Everyone has opinions about which jobs AI will replace. We built a composite score instead, weighting three peer-reviewed frameworks: Eloundou et al. (50%), Microsoft Research (30%), and Felten et al. (20%). Each role gets a score from 0 (fully AI-proof) to 100 (fully automatable).

Every score on getCourage comes with its methodology visible. No black boxes.

The Full Ranking

From most resistant to most exposed:

  • Engineering Manager — 33/100. Leadership, hiring, conflict resolution, and organizational design are fundamentally human skills. Our data classifies them all as “resistant.”
  • Product Manager — 43/100. Strategy, user empathy, and stakeholder management resist automation.
  • Security Engineer — 45/100. Penetration testing, threat modeling, and incident response require adversarial creativity.
  • DevOps / SRE — 48/100. On-call incident response and infrastructure debugging are hard to hand off to AI.
  • Platform Engineer — 50/100. Similar to DevOps but with more automation-friendly infrastructure-as-code work.
  • ML Engineer — 51/100. Ironic — the people building AI have moderate exposure because parts of MLOps are repetitive.
  • Cloud Architect — 52/100. Architecture decisions are resistant; cloud configuration is less so.
  • QA Engineer — 55/100. Manual testing is vulnerable; test strategy and exploratory testing are resistant.
  • Mobile Engineer — 59/100. UI generation is vulnerable, but platform-specific performance optimization is resistant.
  • Backend Engineer — 60/100. CRUD is vulnerable; distributed systems are resistant.
  • Data Scientist — 61/100. Routine analysis is automatable; experimental design and causal inference are not.
  • Software Engineer — 62/100. The broadest role — exposure depends heavily on what you actually do.
  • Full-Stack Engineer — 62/100. Same score as SWE — broad surface area means mixed exposure.
  • Data Engineer — 64/100. ETL pipelines and data migration are among the most automatable engineering tasks.
  • Frontend Engineer — 65/100. HTML, CSS, and basic UI patterns are vulnerable. Accessibility and performance are not.
  • Data Analyst — 67/100. SQL queries, basic visualizations, and report generation are well within AI capabilities today.

What “Exposure” Actually Means

A score of 67 doesn't mean Data Analysts disappear. It means a significant portion of the role's current tasks can be assisted or automated by AI. The humans who remain will focus on the parts AI can't do: asking the right questions, interpreting ambiguous results, and communicating findings to non-technical stakeholders.

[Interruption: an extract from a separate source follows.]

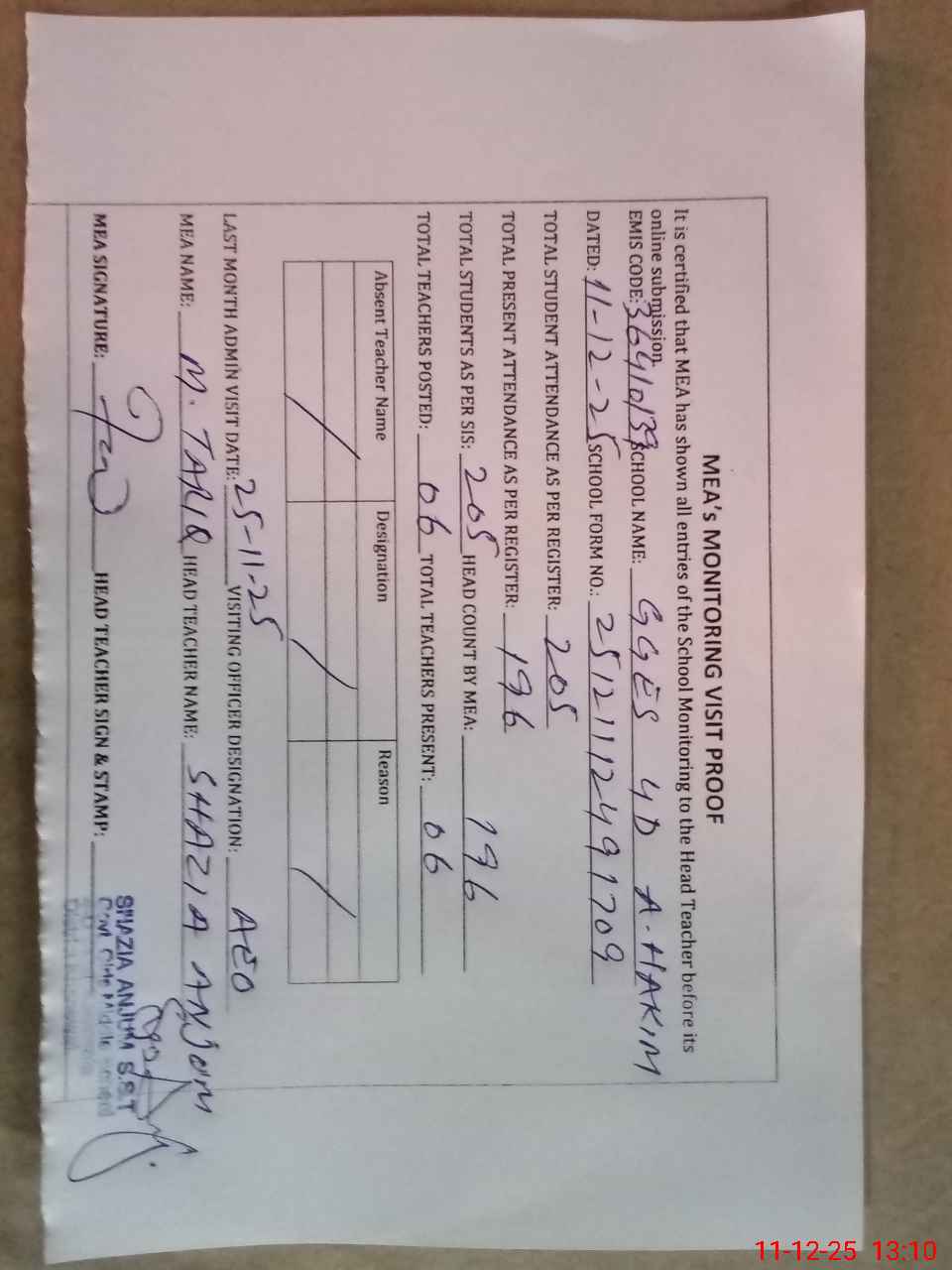 | EMIS Code: 36410139 | Name of School: GGES 4/D, ABDUL HAKIM | |||

The Four Resilience Categories

We classify every skill into four categories:

  • Amplifier — AI makes you more productive. Machine learning, deep learning, PyTorch, NLP, prompt engineering. These skills become more valuable as AI improves.
  • Resistant — Hard to automate. System design, software architecture, leadership, communication, security, debugging, performance optimization.
  • Vulnerable — AI can replicate well. HTML/CSS, documentation, manual testing, data entry, basic REST APIs, localization.
  • Neutral — Uncertain impact. Most programming languages and frameworks fall here — AI changes how you use them, but doesn't eliminate the need.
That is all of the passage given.